# Where to find backcountry routes



## sutfin (Jun 18, 2009)

I have been searching all of the website and over the internet and am not able to find a place like MountainProject or Rockclimbing.com or Summitpost that is a central place to find backcountry routes and route information. 

Is there one out there? I would like to search and find local routes to ride this season. Any advise on where to search?

Thanks


----------



## the_dude (May 31, 2006)

i have a few books that put routes into a central repository for reference from time to time. one is colorado backcountry skiing by lou dawson. another is front range ski descents - don't remember the author. i have a couple more but can't remember their names.


----------



## bobbuilds (May 12, 2007)

you could try powderbuzz for info but plan on being drilled. Check with the bent gate for books and stuff like that. Any mountain with a trail head can be skied in the winter, for the most part. I will tell you about cameron pass or rmnp or berthoud. in fact fobp would be a good start. they have trips and classes and all. There is no website I have found. problem is most people keep it quiet on what trail or side of pass etc they ski because it is getting crowded out there, and by that I mean places like cameron pass, its a 20 min hike for good turns so tons of BC fucks flock there and crowd it up. or you get 1 guy to cut across the whole bowl because he was afraid to cut back and there goes your good turns.

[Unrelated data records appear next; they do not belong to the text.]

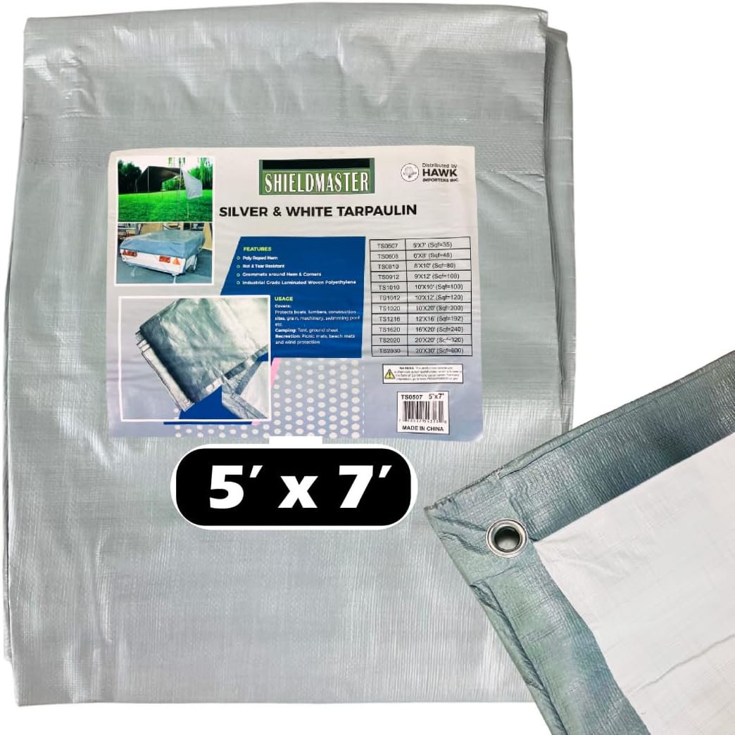 Introducing our Silver and White Tarp, a versatile and robust solution designed for a wide range of outdoor applications. This tarp features a dual-sided design with silver on one side and white on the other, offering flexibility and functionality. With a substantial 165 GSM weight, a thickness of around 10 mil, a durable poly roped hem, and reinforced grommets along the hem and corners, this tarp is built to withstand tough conditions and provide reliable protection. Crafted from industrial-grade laminated woven polyethylene, it's the go-to choice for demanding outdoor projects. Invest in the reliability and versatility of the Silver and White Tarp. Its industrial-grade construction, dual-sided design, and tear-resistant properties make it a top choice for various outdoor projects. Whether you're a DIY enthusiast or a professional, this tarp is the dependable solution for your needs. MULTIPURPOSE USE: These tarps are used to cover/shelter boats, truck, cars, motor vehicles, industrial or farm equipment, outdoor patio furniture, barbecue grills, backyard pool, wood piles, campers for ultimate protection. They can also be used as an emergency roof patch material or building material for homeowners, construction workers/sites. They can be used as a drop cloth while painting or polishing. Can be used outdoors for camping, hunting, turn it into a canopy or to create a tent fly. Order yours today and experience the difference it can make in your outdoor endeavors.
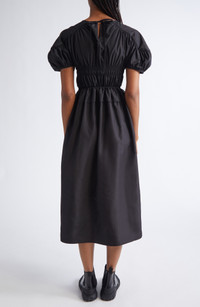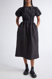 Cecilie Bahnsen Betsy Ruched Puff Sleeve Drawcord Waist Recycled Faille Dress in Black at Nordstrom
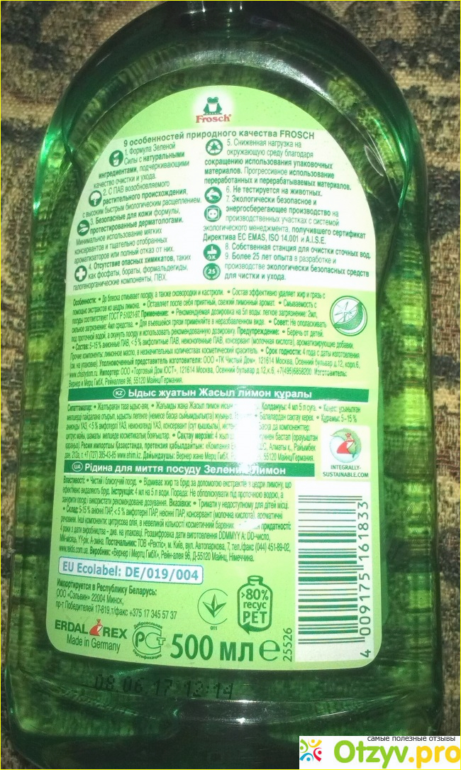Средство для мытья посуды " Зелёный лимон" Frosch в целом мне понравилось, но уж очень быстро расходуется оно- совершенно не выгодно его приобретать. Благодарю за внимание. До новых встреч.
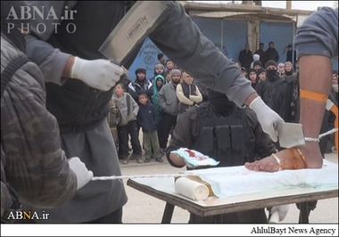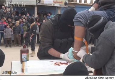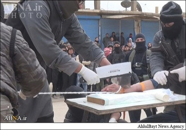 گروه تروریستی داعش که اینگونه اعمال هولناک را برای ایجاد رعب و وحشت و محکمتر مناطق تحت سیطره خود انجام میدهد درحالی شهروندان سوری را به اتهام سرقت اعدام و یا محکوم به قطع عضو میکند که عناصر خود این گروه به دزدیدن پول مردم و چپاول اموال عمومی و خصوصی در مناطق تحت سیطره خود شهره شدهاند. جلادان تکفیری داعش روز گذشته در میدان اعدام حسکه پای دو جوان سوری را قطع کردند.
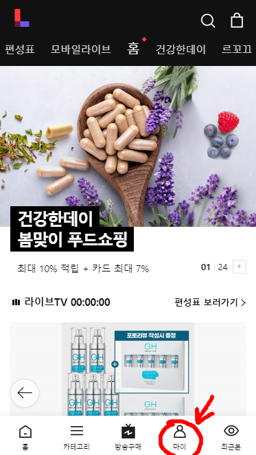 세번째로 해볼 수 있는 롯데택배 실시간배송조회 방법은 개인적으로 더 편리하게 이용한 것인데요. 자신이 물건을 시킨 어플이나 오픈마켓에 들어가보세요. 저는 예시를 들어보기위해 롯데홈쇼핑에서 구매한 것을 볼건데요. 로그인 후 대부분 "마이", "My page" 등으로 표현되는 곳에 들어가신 뒤, 주문 조회라는 란이 대부분의 사이트나 어플에 존재할 것입니다. 거기서 배송조회를 눌러보면 현재 어디까지 물품이 왔는지 확인이 가능하지요.

Best advice I could give is to get out there and find a stash you like thats close to home. Be safe and team up with someone if you go into the BC. 

TGR has a fourm to go on tour with those guys.


----------



## Canada (Oct 24, 2006)

*In the woods*

This is the standard answer you'll get. It is kind of like asking someone where they hunt. These are closely guarded secrets. You can't hide the tracks, so get some binoculars and get out there!!


----------